Hawkins explains how the same basic circuitry that lets us navigate and interact with the world also underlies our capacity for language, mathematics, imagination, and conceptual reasoning. The key lies in the nature of reference frames. While reference frames for physical objects are three-dimensional, reference frames for abstract concepts have multiple dimensions, each representing a different aspect or degree of the feeling or idea. For example, emotions like happiness and sadness can be thought of as having dimensions such as intensity, duration, and type. Concepts such as human rights can be thought of as having boundaries and limits much like the contours of a physical object.
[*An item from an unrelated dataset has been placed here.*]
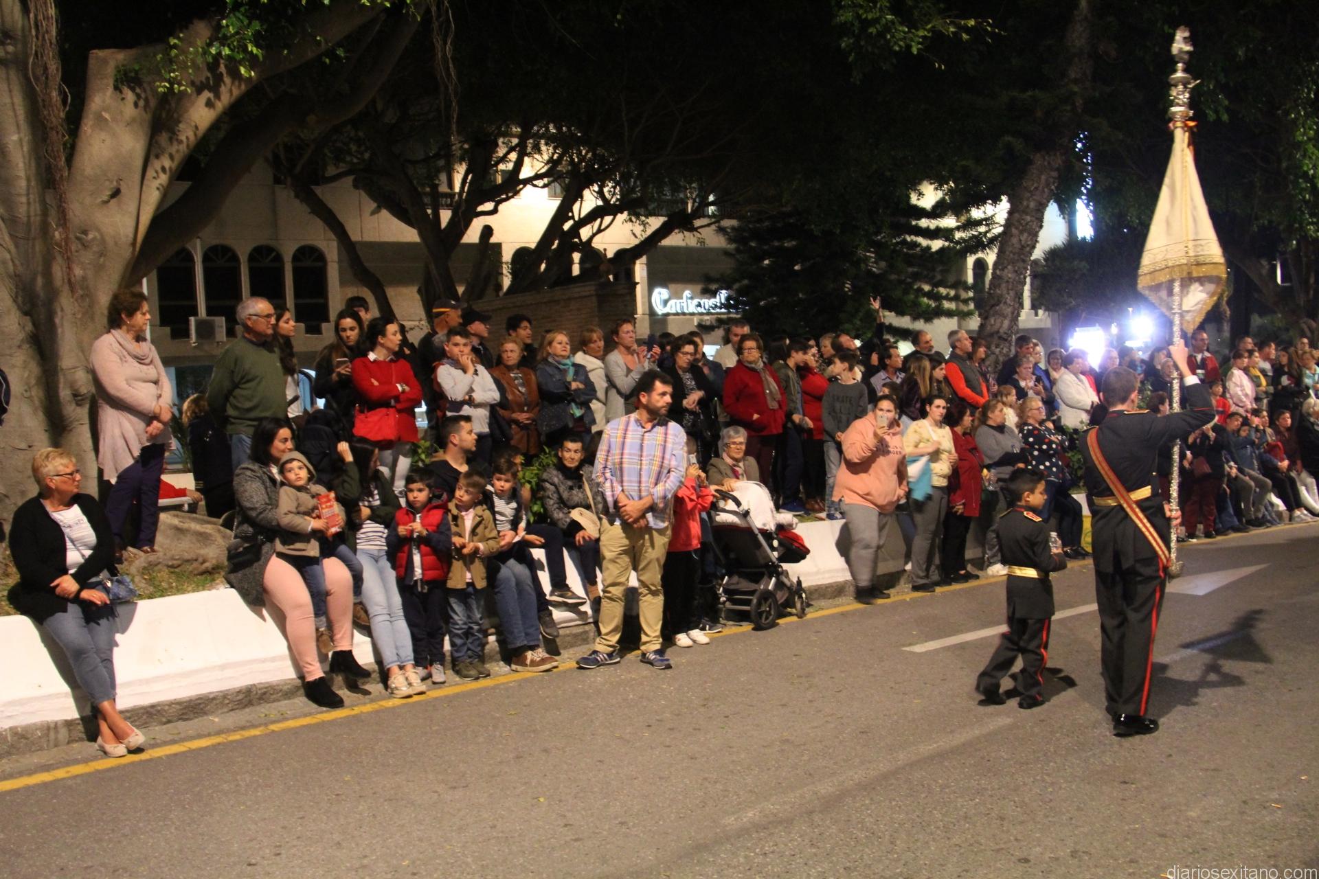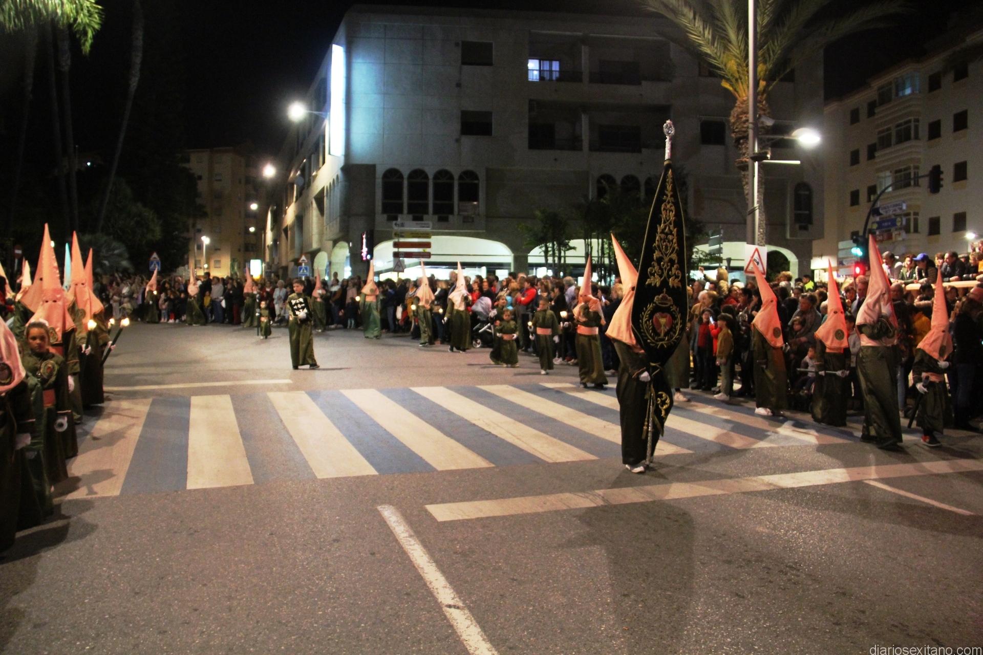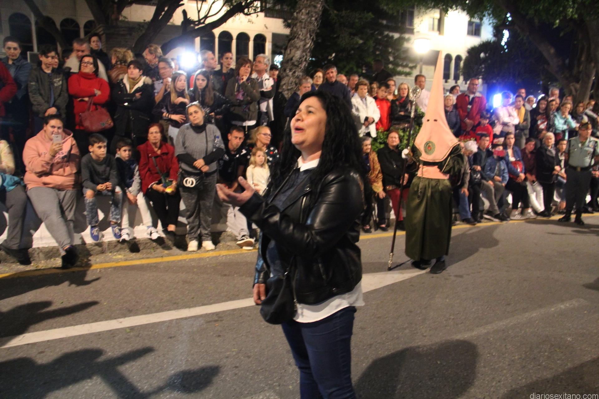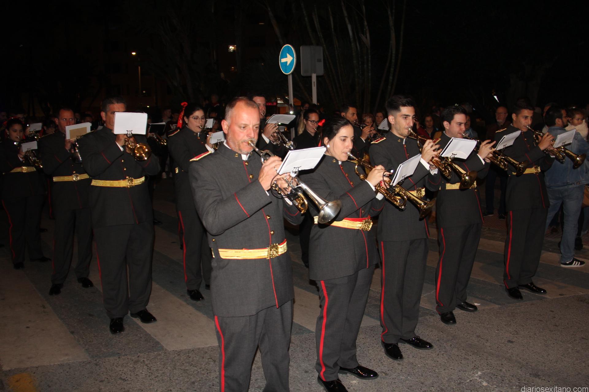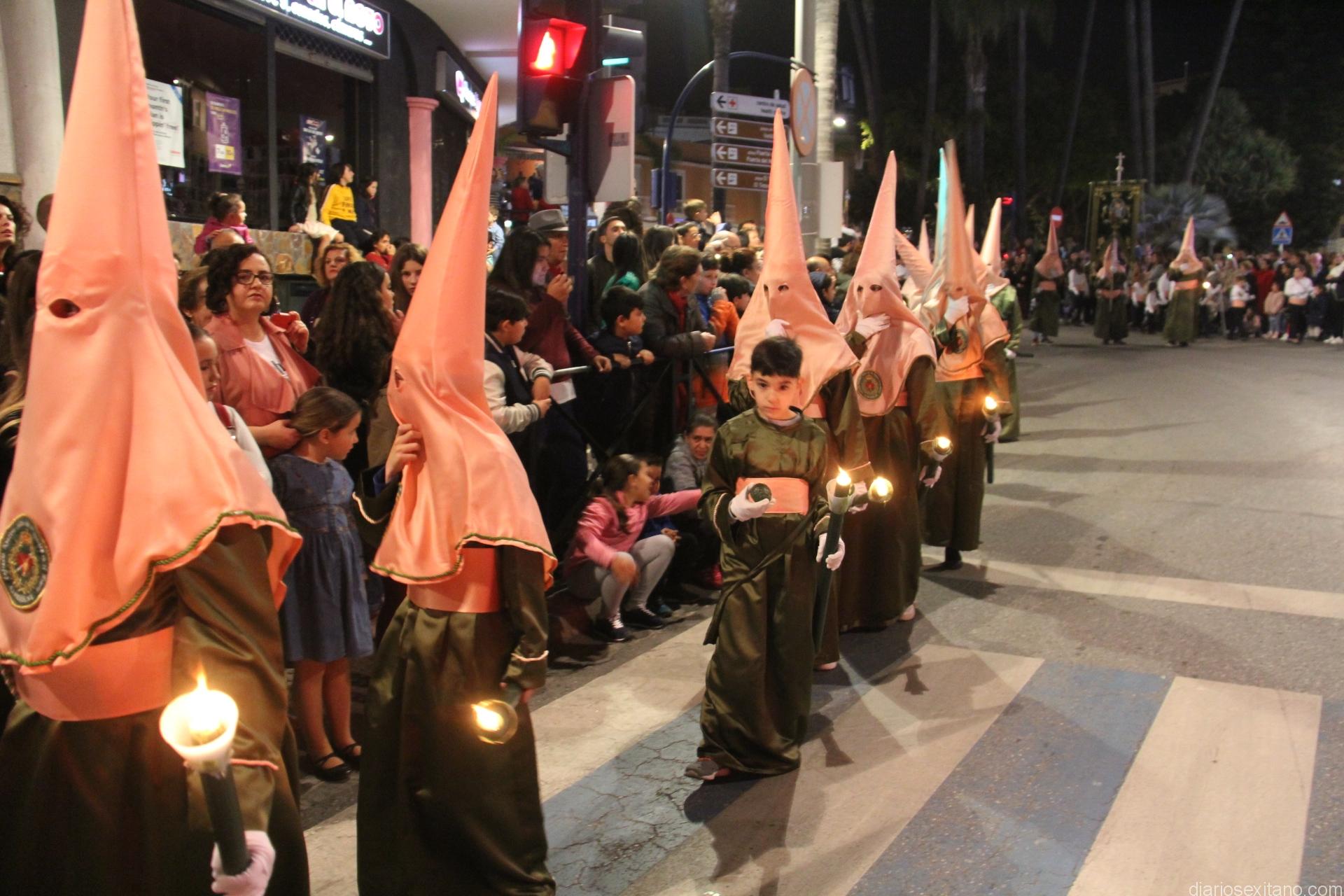 Tal y como estaba previsto, el paso de misterio que talló el imaginero granadino, Miguel Zúñiga, salió del templo parroquial por vigésimacuarta ocasión ya entrada la noche para realizar su recorrido por las calles y avenidas de la localidad sexitana portado por varias decenas de horquilleros. El blanco, salmón y verde oliva eran los colores que destacaban entre la multitud que aguardaba en la Puerta de Granada. Rozando el pórtico de la Encarnación y a los sones del Himno Nacional interpretado por la Agrupación Musical de la Encarnación de Almuñécar comenzaba la cofradía almuñequera la estación de penitencia.

(Shortform note: Hawkins’s suggestion that we model abstract concepts in multidimensional reference frames aligns with research on the cognitive differences between people with opposing political views. Studies show that conservatives tend to focus on dimensions related to safety, stability, and authority, while liberals focus on dimensions of variety and complexity. These divergent reference frames, when applied to the same abstract concepts—such as freedom and democracy—lead to contrasting opinions on political issues. While there are other cognitive mechanisms at work, such as the power of partisan identity, understanding that people think in different reference frames might help improve understanding across political divides.)
To explain abstract thought, Hawkins proposes that when you think about an abstract concept, your neurons fire as if you're moving through an abstract reference frame, just as they do for models of the physical world. When you recall a memory—such as that of the house you grew up in—you mentally traverse the associated reference frame—in this case, the mental map of your old house—activating the corresponding neurons in the brain. Similarly, when you explore an abstract concept, such as the theory being presented in this guide, your brain constructs a reference frame that maps out its logical connections and arguments. You then navigate this mental map as you reason through the implications of the theory.
This process of building and traversing reference frames lets you understand and manipulate abstract ideas across various domains, from cooking and music to relationships and emotions. As you create new reference frames, they connect to and build upon your existing knowledge, allowing ideas to cross-pollinate, leading to the emergence of your unique, individual patterns of thought. Thus, Hawkins concludes that the neocortex's ability to construct and navigate multidimensional reference frames is the foundation of human intelligence and abstract reasoning.
Embodied Cognition
Hawkins’s idea that motion through reference frames (real or imagined) is essential to our capacity for abstract thought falls under an emerging scientific paradigm referred to as embodied cognition. This school of thought emphasizes the importance of the body and environment in shaping your mental processes. Proponents of this view argue that cognition isn’t just a property of the brain, but instead emerges from continuous interactions between your brain, your body, and the world. If so, then your body's individual traits and experiences heavily influence your perceptions, your reasoning, and how you communicate them.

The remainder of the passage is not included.